We also realized that we needed an entirely different administrative infrastructure. From legal and finance, HR to marketing, we needed the right professionals and protocols to play on a global chess board. But our biggest eye-opener was technology. We were smart enough at the time to understand the value of hardware — those giant Intergraph 2700 workstations still haunt our dreams — but we could not have imagined the implications of working and communicating seamlessly across international boundaries. The lessons learned in those early years still apply today.
The decision to go global was the right one at the time, and many firms of our size did the same thing. The experience drove home the importance of diversity not just in markets and project types but also in geographies. There were times when our non-U.S. revenue outpaced our domestic income, and vice versa, but having a broad, diverse base was the correct strategy.

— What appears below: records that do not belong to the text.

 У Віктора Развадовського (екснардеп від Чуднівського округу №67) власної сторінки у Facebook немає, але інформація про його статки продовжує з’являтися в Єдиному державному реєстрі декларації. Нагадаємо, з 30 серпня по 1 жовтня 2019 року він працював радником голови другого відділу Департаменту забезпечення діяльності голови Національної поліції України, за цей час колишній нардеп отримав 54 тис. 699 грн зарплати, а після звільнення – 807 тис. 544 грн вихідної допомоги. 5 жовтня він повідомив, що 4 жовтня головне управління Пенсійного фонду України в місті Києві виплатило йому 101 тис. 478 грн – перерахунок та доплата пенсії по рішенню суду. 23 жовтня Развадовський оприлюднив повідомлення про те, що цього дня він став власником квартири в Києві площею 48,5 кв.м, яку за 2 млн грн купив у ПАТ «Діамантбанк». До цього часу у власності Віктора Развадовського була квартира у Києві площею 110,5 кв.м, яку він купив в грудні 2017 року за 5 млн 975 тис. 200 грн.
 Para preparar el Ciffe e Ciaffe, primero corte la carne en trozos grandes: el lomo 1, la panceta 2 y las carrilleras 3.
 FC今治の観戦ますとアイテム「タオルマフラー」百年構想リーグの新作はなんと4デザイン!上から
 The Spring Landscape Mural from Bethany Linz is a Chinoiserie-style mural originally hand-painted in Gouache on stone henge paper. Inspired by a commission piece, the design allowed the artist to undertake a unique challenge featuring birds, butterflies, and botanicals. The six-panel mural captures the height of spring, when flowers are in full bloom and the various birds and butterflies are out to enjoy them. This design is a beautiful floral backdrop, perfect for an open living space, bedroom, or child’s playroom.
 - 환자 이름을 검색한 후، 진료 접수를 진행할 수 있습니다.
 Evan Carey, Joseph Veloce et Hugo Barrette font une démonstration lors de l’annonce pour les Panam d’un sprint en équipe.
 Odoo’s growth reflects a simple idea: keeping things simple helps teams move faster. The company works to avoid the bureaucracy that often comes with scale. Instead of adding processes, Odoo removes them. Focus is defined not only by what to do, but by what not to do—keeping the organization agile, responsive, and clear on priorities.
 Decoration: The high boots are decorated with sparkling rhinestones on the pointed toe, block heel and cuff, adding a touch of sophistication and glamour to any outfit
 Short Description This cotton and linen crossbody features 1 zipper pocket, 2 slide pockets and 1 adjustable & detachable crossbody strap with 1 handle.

We also discovered, perhaps later than we had hoped, that it was easy to become too reliant on the international gravy train. The projects were meaty. The fees were big. But it is essential for any firm to maintain a presence in its local community and nurture relationships with the clients down the street.
The world opened up to us in the 1980s largely because we had the right people in the right places in the right times, and Dallas happened to be one of those places. We pursued the work aggressively because we had to — not because that’s where the money was, but because it provided expanded opportunities for our people and our company. It made us better professionals and better architects. It challenged us on multiple levels. And when you’re an architect in Texas, it’s hard to walk away from a challenge like that.
Lance K. Josal FAIA is CEO emeritus of CallisonRTKL and founder of 11AD. He has lived in Dallas since 1979 and has worked throughout the world. Thom McKay is a marketing and communications strategist who opened RTKL’s first international office in 1990 in London.